The European Court of Human Rights (ECHR) has ruled that former Russian oil tycoon Mikhail Khodorkovsky and business partner Platon Lebedev were denied their right to a fair trial in the case of their conviction by a Russian court for embezzlement and money laundering.
The Strasbourg-based court said on January 14 that it did not find any political motives in the criminal prosecution of Lebedev or Khodorkovsky, one of Russian President Vladimir Putin’s main opponents, and that no compensation would be ordered.
“The court considers that the finding of a violation constitutes in itself sufficient just satisfaction for the nonpecuniary damage sustained by the applicants,” the ECHR said in its judgment.

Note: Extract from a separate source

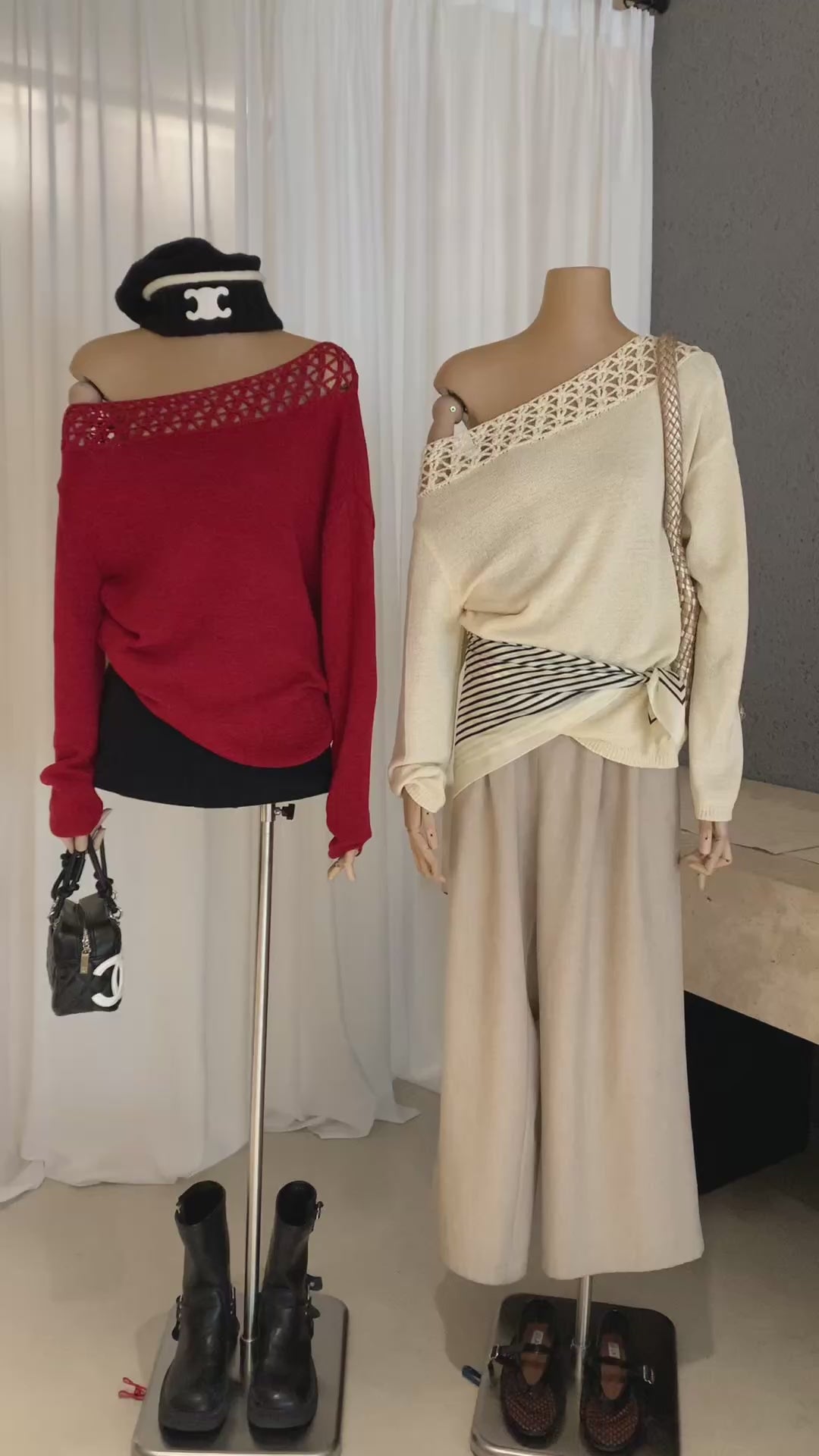 法式慵懒毛衣镂空花边斜肩领针织衫女宽松显瘦百搭上衣

Vadim Klyuvgant, a lawyer for Khodorkovsky, was quoted by Interfax as saying the defense was “satisfied” with the outcome, though in light of the ruling Khodorkovsky may appeal to the Russian Supreme Court over his second sentence.
“The defense was discriminated against and denied the possibility to bring in its witnesses and specialists during the proceedings, Klyuvgant said.
“I think these conclusions are sufficient for agreeing with us that the sentence was fictitious,” he added.
Khodorkovsky, who ran oil giant Yukos, once Russia’s largest company, was convicted of financial crimes at two trials that he and his supporters contend were engineered by the Kremlin to punish him for challenges to President Vladimir Putin and increase the Kremlin’s control over oil exports.
Yukos was dismantled after Khodokovsky’s 2003 arrest and its main production assets were sold at auction and ended up in the hands of state oil company Rosneft.
Once Russia’s richest man, Khodorkovsky spent 10 years in prison before he was released and left Russia after being pardoned by Putin in 2013.
Khodorkovsky lives in exile in London and now runs a project called the Civil Society Support Group in Russia. The endeavor is part of Khodorkovsky’s effort to unseat Putin from power.